Genap 31 tahun usianya, Rafardhan Faaz Imtiyaz belum kembali memiliki keinginan untuk menikah. Kegagalan beberapa tahun lalu membuat Faaz trauma untuk menjalin kedekatan apalagi sampai mengkhitbah seorang wanita.
Hingga, di suatu malam semesta mempertemukannya dengan Ganeeta, gadis pembuat onar yang membuat Faaz terperangkap dalam masalah besar.
Niat hati hanya sekadar mengantar gadis itu kepada orang tuanya dalam keadaan mabuk berat dan pengaruh obat-obatan terlarang, Faaz justru diminta untuk menikahi Ganeeta dengan harapan bisa mendidiknya.

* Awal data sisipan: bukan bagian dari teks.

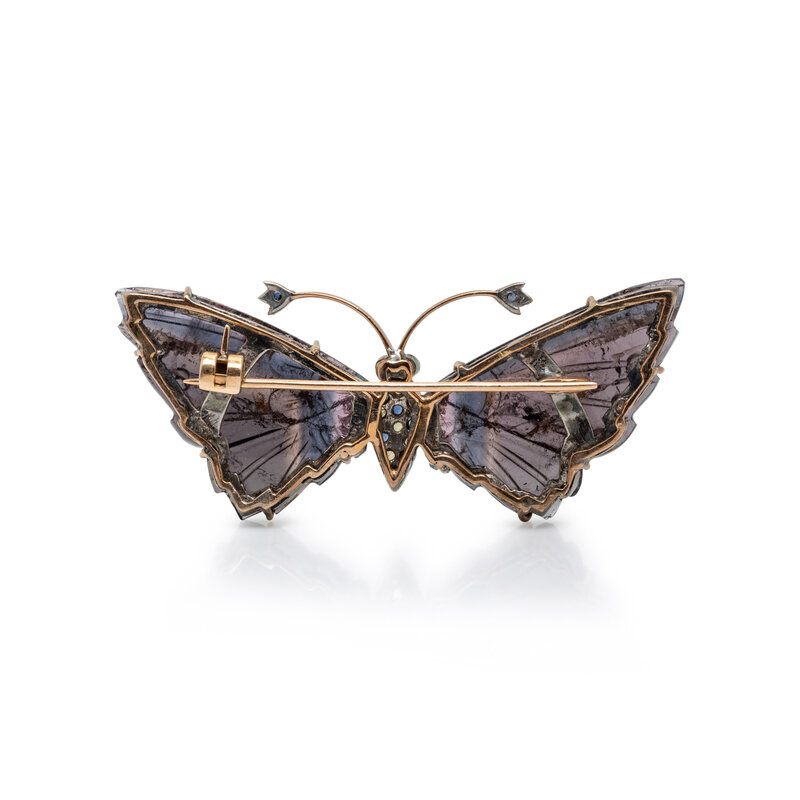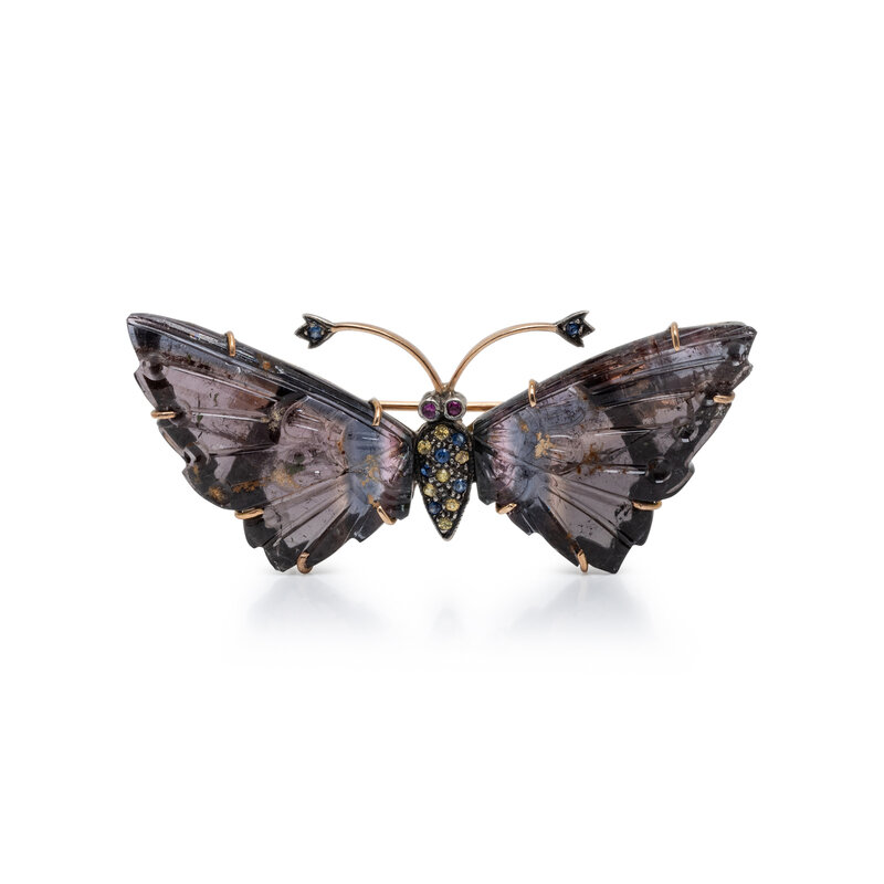 CARVED TOURMALINE AND MULTIGEM BUTTERFLY BROOCH
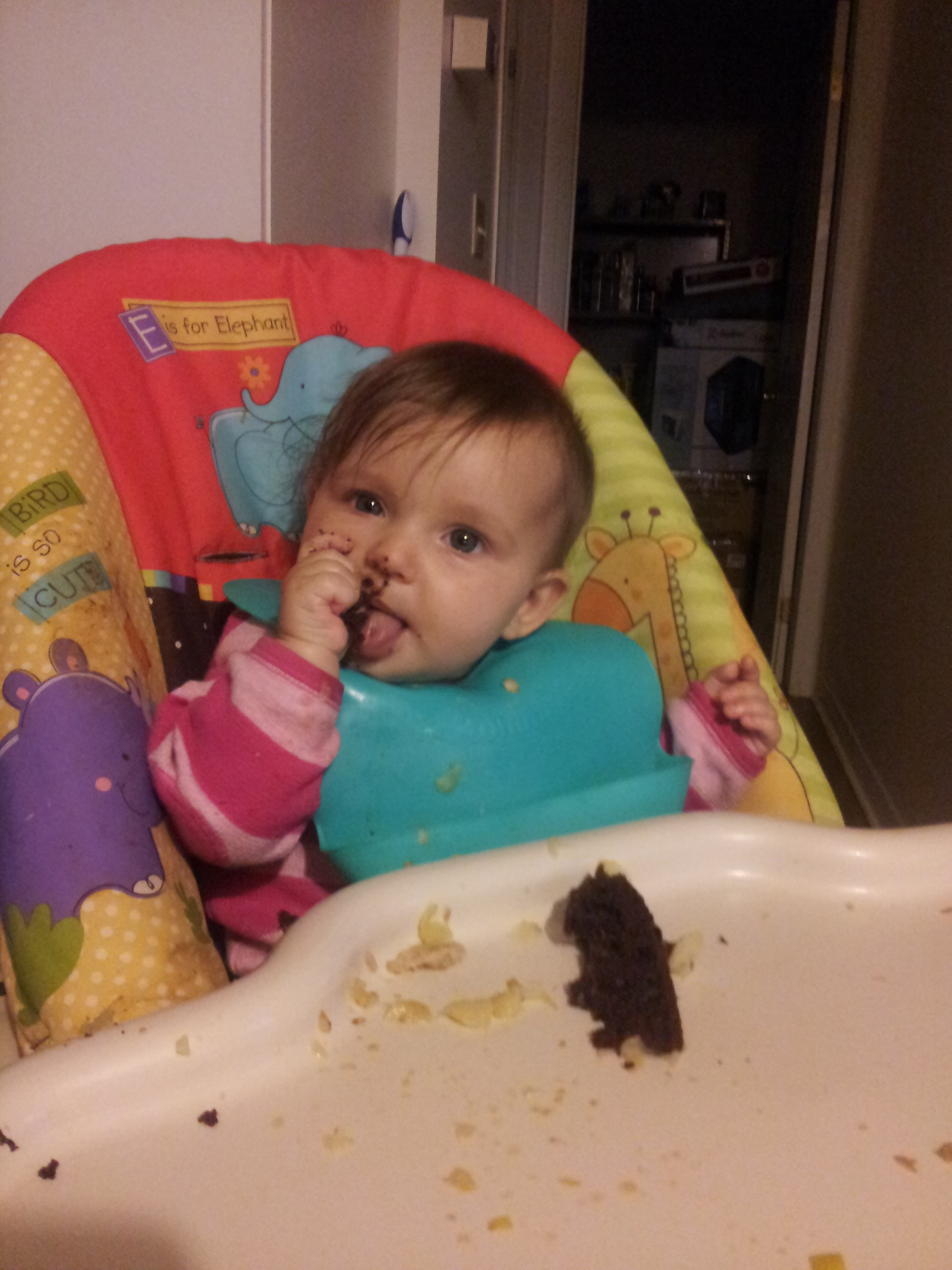 For dessert, there was one hilarious idea that we had to add to make our Michaelmas celebration complete. The idea: Make devil’s food cake, then stab it with cocktail swords to commemorate St. Michael casting the Devil out of heaven. We couldn’t find cocktail swords, but we did have N stab her piece of cake a few times before she ate it.
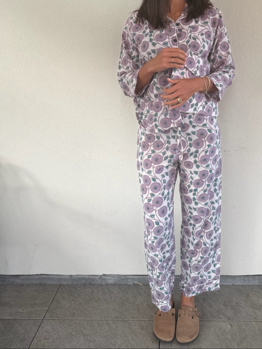 Il set è composto da una camicia a maniche lunghe con bottoni e pantaloni dalla vestibilità ampia, pensati per offrire il massimo comfort in ogni stagione. È l’alleato perfetto da portare in viaggio, da indossare a casa, o per vivere con stile momenti speciali – dai servizi fotografici ai ricordi più intimi.
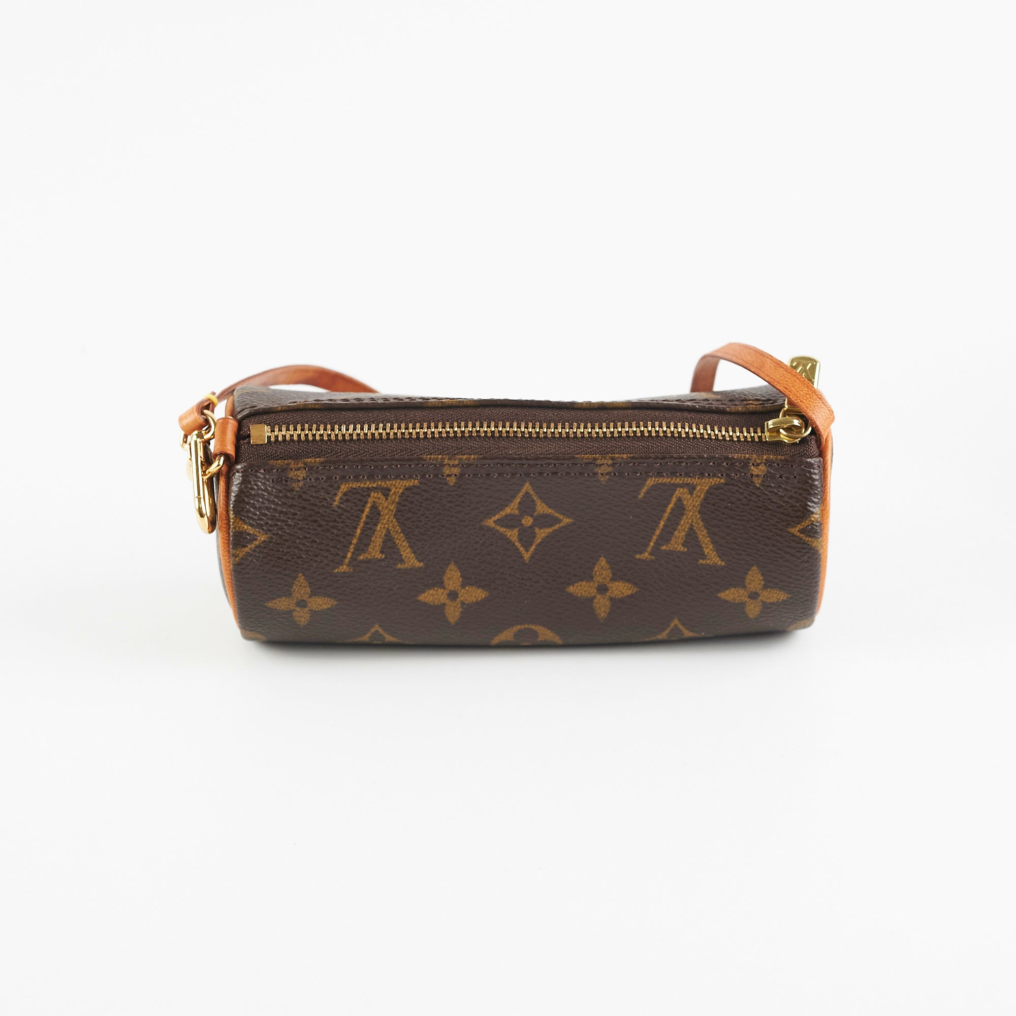 Light hairline scratches and minor tarnishing on hardware, darkened patina on vachetta and light water marks on strap
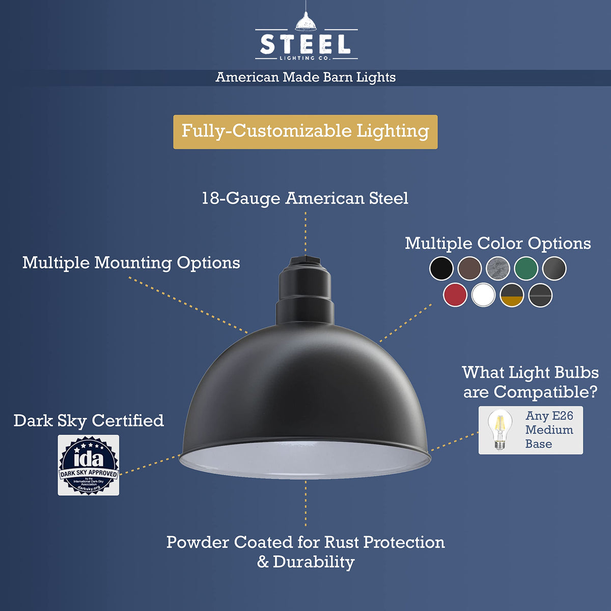 Bring your story to light with The Rose Bowl Light from Steel Lighting Co. This elegant and functional fixture is designed with a classic bowl-inspired shape, perfect for illuminating large open spaces in your home. Handcrafted in the USA from high-quality, heavy-duty, powder-coated steel, this light fixture ensures durability and long-lasting performance. With a standard 15-inch dome and a variety of mounting options, The Rose Bowl is ideal for dining rooms, barns, and any area where maximum illumination is desired.
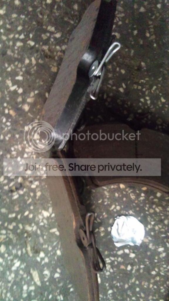 Ao checar a linha de freio, burrinho, tambor também olhei as pastilhas e sapatas e os discos... acabei substituíndo as pastilhas. (acima a nova e abaixo a usada).
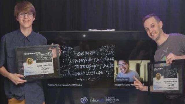 Nebraska-Lincoln Üniversitesi’nden 21 yaşındaki bilgisayar mühendisliği öğrencisi Lufe Farritor, Herculaneum dokümanlarındaki bir kelimeyi çözen ilk insan olmayı başardı ve 40 bin dolarlık mükafatı kazandı.
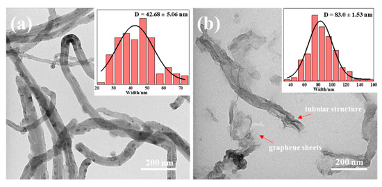 Unzipped multiwalled carbon nanotubes (uMWCNTs) is a portrayal description in references/publications [22], which indicates the geometric change of CNTs. In this unzipping process, the oxidation of pristine CNTs is the chemical cause to initiate this morphological structural change of MWCNTs. It should be noted that in this process, the one-dimensional MWCNTs are destroyed and changed into open morphological structures with different geometric shapes, as shown in Figure 2. The TEM images of pristine MWCNTs and unzipped MWCNTs show that the morphology of the carbon nanotubes changed significantly after their unzipping. As shown in Figure 2, the pristine MWCNTs can be seen with smooth outer contours and the tubular structure is obvious. Compared with pristine MWCNTs, the length of uMWCNTs became shorter after strong oxidation method processing, and the outer walls were partially loosened or unwrapped, or even fell off from the surface of the nanotubes to form graphene nanosheets, thus increasing the surface area of MWCNTs. Instead of forming flat graphene sheets, however, they show a tubelike structure. The size distribution of the outer width for the MWCNTs and uMWCNTs in the diagrams inside the corresponding TEM images also illustrated this phenomenon. Figure 2 shows that the pristine MWCNTs have inherent hollow tubular structure with the average outer width of D = 42.68 ± 5.06 nm, while the average outer width of uMWCNTs is D = 83.0 ± 1.53 nm. One can see that the width of uMWCNTs is almost twice compared to that of MWCNTs, indicating effective unzipping [22]. The increase of the width of carbon nanostructures not only provided a larger surface area for the binding of polymer resin to carbon nanotubes, but also increased the number of groups available on the edge and surface of MWCNTs for further improvement of effective matrix/filler interaction and the dispersion stability.
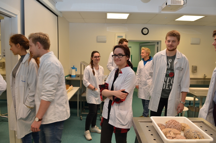 Tym razem przedsięwzięcie zostało zorganizowane wspólnie ze studentami SKN przy Katedrze i Klinice Neurochirurgii. Spotkanie zatytułowane „Podstawy anatomii w neurochirurgii” odbyło się we wtorek 14.11 br. W trakcie jego trwania członkowie obu kół naukowych podzielili się swoją wiedzą na temat m.in. podstaw anatomii czaszki i mózgowia. W spotkaniu uczestniczyli przede wszystkim członkowie koła anatomicznego i neurochirurgicznego, ale pojawili się też studenci kierunku psychologia zdrowia zainteresowani omawianym tematem. Po części seminaryjnej odbyły się warsztaty w prosektorium Zakładu Anatomii i Neurobiologii. Nad poprawnością merytoryczną czuwał dr Jan Spodnik, opiekun SKN przy Zakładzie Anatomii i Neurobiologii.
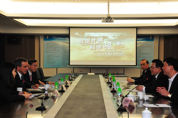 11月19日,法國前交通部長、人民運動聯(lián)盟副主席蒂埃里·馬里亞尼先生在揭陽副市長曾瑞如的陪同下,前往中德金屬生態(tài)城現(xiàn)場考察,并到訪市金屬企業(yè)聯(lián)合會開展交流座談。蒂埃里•馬里亞尼詳細聽取了德企進園投資的相關(guān)匯報,對園區(qū)在短期內(nèi)取得的顯著成效表示震驚,表達了與中德金屬集團合作的強烈意愿,對項目發(fā)展前景充滿信心。

Faaz yang tahu seberapa nakal dan brutal gadis itu sontak menolak lantaran tidak ingin sakit kepala. Namun, penolakan Faaz dibalas ancaman dari Cakra hingga mau tidak mau pria itu patuh demi menyelamatkan pondok pesantren yang didirikan abinya.
.
.
"Astaghfirullah, apa tidak ada cara lain untuk mendidik gadis itu selain menikahinya?" Rafardhan Faaz Imtiyaz
Follow Ig : desh_puspita
Karya ini diterbitkan atas izin NovelToon Desy Puspita, isi konten hanyalah pandangan pribadi pembuatnya, tidak mewakili NovelToon sendiri
BAB 26 - Tak Ternilai
"Yogya ... kurang jelaskah, Cantik?" tanya Faaz sekali lagi sembari berlagak menyingkirkan noda di wajah Ganeeta demi bisa mengusapnya.
Faaz berpikir, dengan cara itu Ganeeta akan salah tingkah dan sejenak emosinya akan reda. Namun, alih-alih reda, wanita itu justru menepis kasar tangan Faaz saat itu juga.
"Mas Faaz kok gitu? Kita sepakatnya ke Bali, bukan ke Yogya!!" protes Ganeeta dengan suara yang mulai bergetar.
Faaz menatapnya lekat-lekat, mencoba meluluhkan hati Ganeta yang dia ketahui sangat kecewa. "Mas juga maunya gitu, tapi Papi bilang ke Yogya saja dulu ... sekalian ngenalin kamu sama keluarga di sana."
"Ck, nyebelin banget sih? Ini biki-niku mau diapain kalau bulan madunya di Yogya?" tanya Ganeeta sedikit berbisik dengan gigi bergemelutuk seketika.
"Kan masih tetap bisa pakai depan Mas, Sayang, kenapa harus di Bali? Memangnya mau pamer ke siapa? Hem?"
Ingin Ganeeta melontarkan jawaban yang lebih gila lagi, tapi berhubung masih di tempat umum dan Ganeeta kesal setengah mati, terpaksa memilih diam seribu bahasa.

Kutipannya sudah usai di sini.